# [GOAL OF THE EXERCISE]
Every line from the start of the records through the line with "Figure 3: The" is to be written out exactly; pictures are not.

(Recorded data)
━━━━━━━━━━━━━━━━━━━━
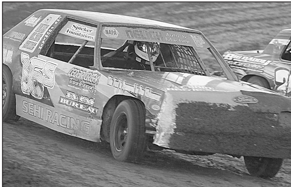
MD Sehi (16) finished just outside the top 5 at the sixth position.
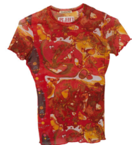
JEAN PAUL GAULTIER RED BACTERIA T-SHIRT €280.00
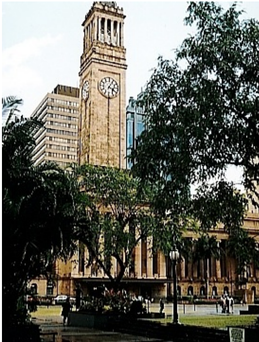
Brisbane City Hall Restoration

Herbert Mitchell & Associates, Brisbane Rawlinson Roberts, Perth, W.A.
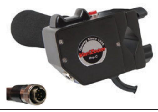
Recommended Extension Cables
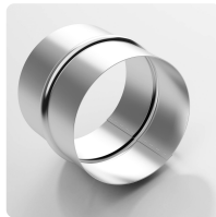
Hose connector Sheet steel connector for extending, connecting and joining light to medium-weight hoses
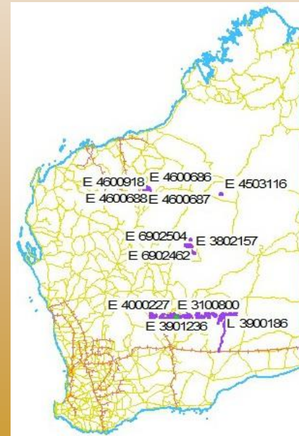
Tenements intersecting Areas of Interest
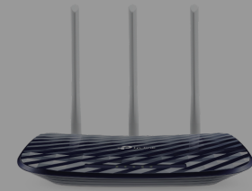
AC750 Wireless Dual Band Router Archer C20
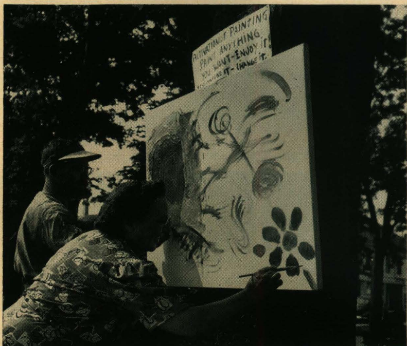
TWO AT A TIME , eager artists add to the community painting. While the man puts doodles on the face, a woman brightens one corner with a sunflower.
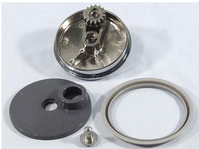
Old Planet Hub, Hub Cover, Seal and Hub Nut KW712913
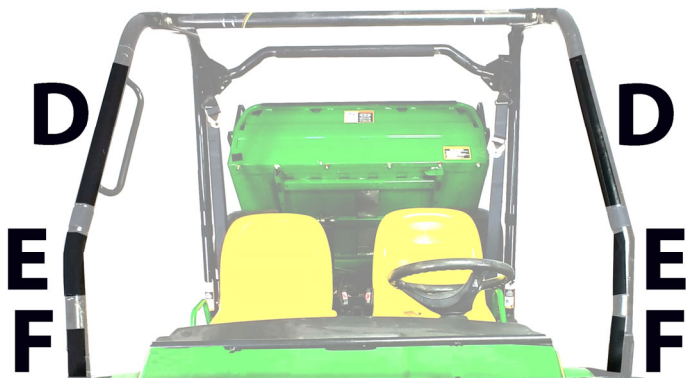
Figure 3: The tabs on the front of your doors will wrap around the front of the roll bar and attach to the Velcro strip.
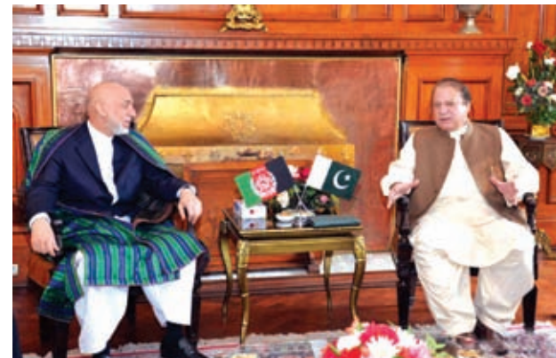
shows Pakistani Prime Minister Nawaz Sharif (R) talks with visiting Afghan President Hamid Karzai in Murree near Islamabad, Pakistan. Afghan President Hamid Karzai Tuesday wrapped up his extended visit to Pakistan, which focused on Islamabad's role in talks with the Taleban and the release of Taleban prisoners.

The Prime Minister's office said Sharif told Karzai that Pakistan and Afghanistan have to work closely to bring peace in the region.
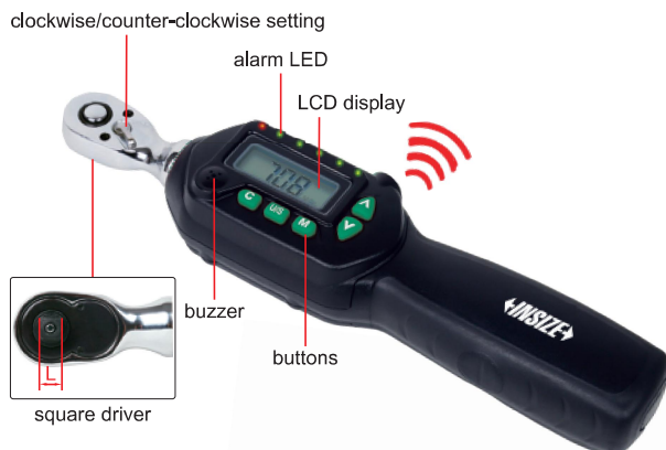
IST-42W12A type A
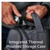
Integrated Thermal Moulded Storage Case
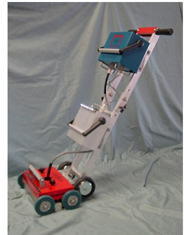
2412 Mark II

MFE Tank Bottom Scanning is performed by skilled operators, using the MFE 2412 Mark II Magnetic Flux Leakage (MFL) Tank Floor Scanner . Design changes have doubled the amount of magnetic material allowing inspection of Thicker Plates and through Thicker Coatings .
━━━━━━━━━━━━━━━━━━━━
# [OUTPUT BELOW]
MD Sehi (16) finished just outside the top 5 at the sixth position.
JEAN PAUL GAULTIER RED BACTERIA T-SHIRT €280.00
Brisbane City Hall Restoration

Herbert Mitchell & Associates, Brisbane Rawlinson Roberts, Perth, W.A.
Recommended Extension Cables
Hose connector Sheet steel connector for extending, connecting and joining light to medium-weight hoses
Tenements intersecting Areas of Interest
AC750 Wireless Dual Band Router Archer C20
TWO AT A TIME , eager artists add to the community painting. While the man puts doodles on the face, a woman brightens one corner with a sunflower.
Old Planet Hub, Hub Cover, Seal and Hub Nut KW712913
Figure 3: The tabs on the front of your doors will wrap around the front of the roll bar and attach to the Velcro strip.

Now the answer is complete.